Cocoa tied to improved brain function in some elderly

By Andrew M. Seaman     NEW YORK     Wed Aug 7, 2013 

(Reuters Health) - Older people with impaired blood flow to their brains saw improvements in thinking skills after drinking two cups of cocoa every day for a month, in a new study.

The study's researchers caution, however, that people shouldn't start stocking up on hot chocolate mix to help solve their crossword puzzles based on the new finding.

"We're several steps removed from that recommendation," said Dr. Farzaneh Sorond, the study's lead author from Brigham and Women's Hospital in Boston.

Instead, Sorond said the result helps focus future research that may turn up which component or components of hot chocolate are linked to better thinking skills.

Previous research has found the brain is more active if it gets an adequate supply of oxygen and sugar from the blood, the researchers wrote in the journal Neurology.

Among people with certain diseases that affect blood vessels - such as high blood pressure and diabetes - blood flow to the brain may be impaired.

Sorond and her colleagues wanted to look at whether drinking hot chocolate rich in flavanols could improve thinking skills in those people.

Studies have found that eating chocolate containing the plant compounds is linked to lower blood pressure readings and fewer strokes (see Reuters Health stories of Oct 10, 2011 and Aug 14, 2012 here: reut.rs/19NXUdo and reut.rs/QzBg9E.)



For the new study, the researchers recruited 60 people who were an average of 73 years old to be separated into one of two groups.

People in one group were told to drink two cups of flavanol-rich hot chocolate every day for one month. Those in the other group drank low-flavanol hot chocolate. All participants were told to not eat or drink any other chocolate during the study period.

There were no differences in blood flow or in scores on thinking tests between the two hot chocolate groups at the start of the study or after one month. So the researchers combined both cocoa groups and compared people with poor blood flow to the brain at the start of the study to those who had adequate blood flow.

They found more people with poor blood flow at the start saw their circulation improve by the end, compared to people who had adequate blood flow initially.

Also, while those with adequate blood flow didn't see a significant improvement on tests that measured their thinking skills, the 17 people in the impaired flow group did.
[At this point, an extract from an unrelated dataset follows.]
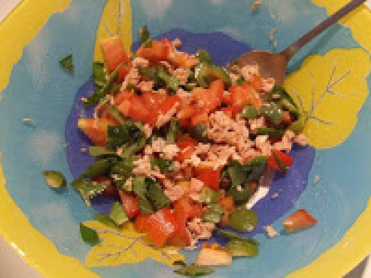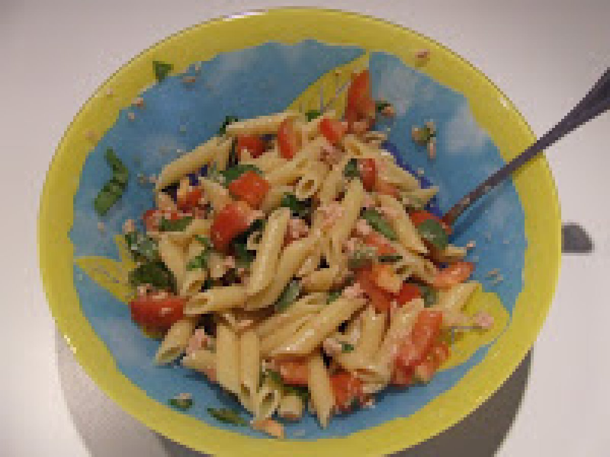 Pasta fredda tonno e pomodori PrecedenteProssimo Portata principalefacile15 min532 Kcal Invia questa ricetta ad un amico Stampa la ricetta Contatta l'autore della Ricetta Pubblica la foto di questa ricetta Ingredienti 4 360 g di penne rigate 4 pomodori per insalata 2 scatolette di tonno 10 olive verdi greche basilico fresco sale e pepe 4 cucchiai di olio d'oliva Costo stimato: 4.95Euros€ (1.24€/Porzioni)

Among those people, the time it took to connect sequential dots on pieces of paper or recognize certain characters on computer screens fell from 167 seconds at the start of the study to 116 seconds at the end.

Sorond said that time can add up for people during the day.

"That's important if you add it to everything that requires multitasking for us," she said.

It's possible that even small amounts of flavanols make a difference for people with impaired blood flow, Sorond said, or that the caffeine in cocoa played a role in their improvement.

She warned, however, that the new study cannot prove drinking hot chocolate boosted thinking or blood flow.

"The next step is that we need a larger sample and we need more people with impairment at baseline… (to) see if we can demonstrate the same finding in a larger group," Sorond said.